Low-quality credits: The current VCM is dominated by low-quality credits, with around 80% generated from projects that avoid emissions, rather than reduce or remove them. If a project is not actually removing CO2 from the atmosphere, it is not offsetting emissions. Determining ‘additionality’, which refers to whether or not the project would have gone ahead without the carbon credit revenue, is also difficult. Investigations have found that most renewable energy projects are not additional, making the credits worthless from a climate perspective, and that over 90% of rainforest carbon offsets issued by Verra (which is currently working with carbon exchanges in Singapore, Thailand and Malaysia to facilitate use of their standards) did not result in emissions reductions. As a result, price and demand for Verra’s rainforest credits dropped and Verra is currently revising its methodologies to verify rainforest credits, which may limit their issuance in Asia. Asian carbon credit projects are likely to be made up of forestry projects that face these same additionality concerns, as well as issues regarding the permanence of carbon stored due to land use changes and wildfire risks. Renewable energy credits are also still issued in some Asian schemes, such as via China’s CCER scheme. CIX is taking this a step further and promoting the use of a new type of credit for the protection of forests, even when there is no to low risk of deforestation.

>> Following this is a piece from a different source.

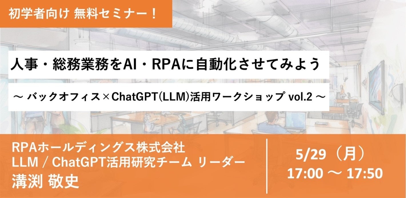 RPAホールディングス(本社:東京都港区、代表取締役:高橋 知道、以下「RPAホールディングス」)は、無料のオンラインセミナー「人事・総務業務をAI・RPAに自動化させてみよう〜バックオフィス×ChatGPTワークショップ vol.2〜」を開催致します。

While protecting forests is important, it does not remove CO2 and should not produce credits that allow companies to continue to emit. 

Consequences for local communities: Carbon offset projects have often come at the cost of local communities and indigenous peoples, who are frequently not consulted and, at times, forced off their land. This is particularly concerning as many of the carbon sinks targeted by offsetting schemes are located in areas without indigenous or local land rights – especially in Asia. Increased interest in carbon markets may drive government officials to bypass consultations and fast-track potentially harmful projects in order to capture financial benefits. For example, in 2021, Malaysian officials signed over USD 76.5 billion of carbon credits and natural capital from a state forest to a small Singaporean company without involving local communities and indigenous leaders in the decision-making process.

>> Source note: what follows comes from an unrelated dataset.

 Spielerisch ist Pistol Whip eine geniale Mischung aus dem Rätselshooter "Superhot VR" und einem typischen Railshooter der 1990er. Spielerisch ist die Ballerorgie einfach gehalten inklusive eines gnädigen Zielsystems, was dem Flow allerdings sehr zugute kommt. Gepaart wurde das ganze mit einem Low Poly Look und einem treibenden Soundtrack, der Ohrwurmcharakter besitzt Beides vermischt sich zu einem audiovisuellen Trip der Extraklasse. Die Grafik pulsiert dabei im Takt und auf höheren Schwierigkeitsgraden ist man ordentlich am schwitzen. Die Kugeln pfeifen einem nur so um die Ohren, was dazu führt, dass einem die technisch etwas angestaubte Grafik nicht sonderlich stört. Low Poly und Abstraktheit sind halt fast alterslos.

Cheap offsets: In part due to their low quality and oversupply, offsets have historically been very cheap. The average price of global VCM credits was USD 4 per tonne of CO2 in 2021 and fell as low as USD 1.7 per tonne in January 2023 as purchases stalled. And prices from projects based in Asia generally receive below average prices. Such low prices tempt companies to purchase credits rather than decarbonise their practices , with the World Bank estimating that, by 2030, a price of USD 50-100 per tonne is needed to limit warming to below 2oC. While some predict that VCM pricing issues will be resolved as a preference for high-quality offsets will create a more expensive sub-market, this has not happened in practice.

Indeed a number of factors suggest supply will continue to outstrip demand:

  • Reputational risk: As questions grow around the legitimacy of offsets, companies are increasingly at reputational risk from the purchase of carbon credits 
  • Article 6 uncertainty: Discussions on Article 6 of the Paris Agreement, which sets out rules for international trading of carbon credits, have so far been inconclusive, stalling progress on new carbon trading plans for both government and industry 
  • Recession fears: Traders and analysts anticipate that polluters will reduce buying amid soaring inflation, rising energy prices and economic instability.

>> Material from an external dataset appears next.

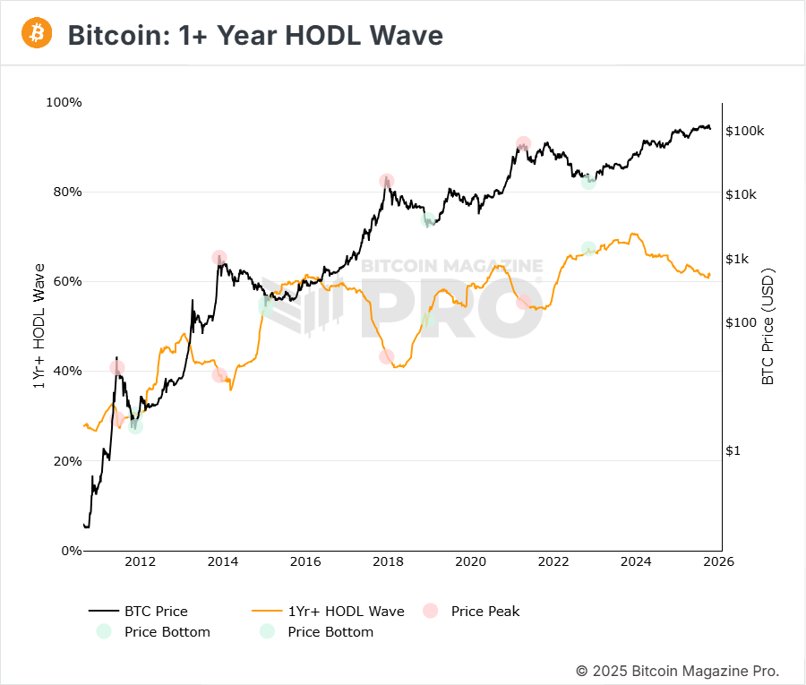 1+ Year HODL 웨이브는 61.56%로, 전주(60.80%) 대비 상승했다. 전체 비트코인 공급량 중 1년 이상 이동하지 않은 비중이 증가한 것은 장기 보유자들이 이익 실현을 자제하고 보유 전략을 유지하고 있음을 나타낸다.

Firms bought 4% fewer credits in 2022 compared to 2021 and retirements of renewable energy and forestry credits declined in two consecutive quarters for the first time due to falling demand. In addition, the VCM is currently oversupplied, with a current reserve of over 683 million tonnes – over four times the total amount of credits traded in 2022. There are concerns that diminishing demand and oversupply will flood the market, further lowering the price and integrity of credits and threatening the overall functioning of the VCM. 

Improving market integrity and transparency

Following calls to increase the integrity and transparency of the VCM, new initiatives have been established to develop guidelines and restore confidence in the market. The Integrity Council for the Voluntary Carbon Market (ICVCM) aims to create industry-backed standards and guidelines to establish a quality baseline for carbon credit generation and trading that is credible and transparent, while the Voluntary Carbon Markets Integrity (VCMI) Initiative has developed a code of conduct with stakeholders to ensure that standards are implemented correctly. While the guidelines released by both initiatives last year were criticised by some for being too stringent and overbearing (and by others for not being strict enough), they present a starting point for moving forward. 
Additional guidance from the UN high-level expert group (HLEG) on net-zero emissions has reiterated that offsets cannot be used at the expense of genuine emissions reductions. The VCM should emphasise quality over quantity, with companies only using carbon offsets as a last resort for emissions that are very difficult to avoid, especially because, due to limited available land and resources, high-quality carbon offsets are finite.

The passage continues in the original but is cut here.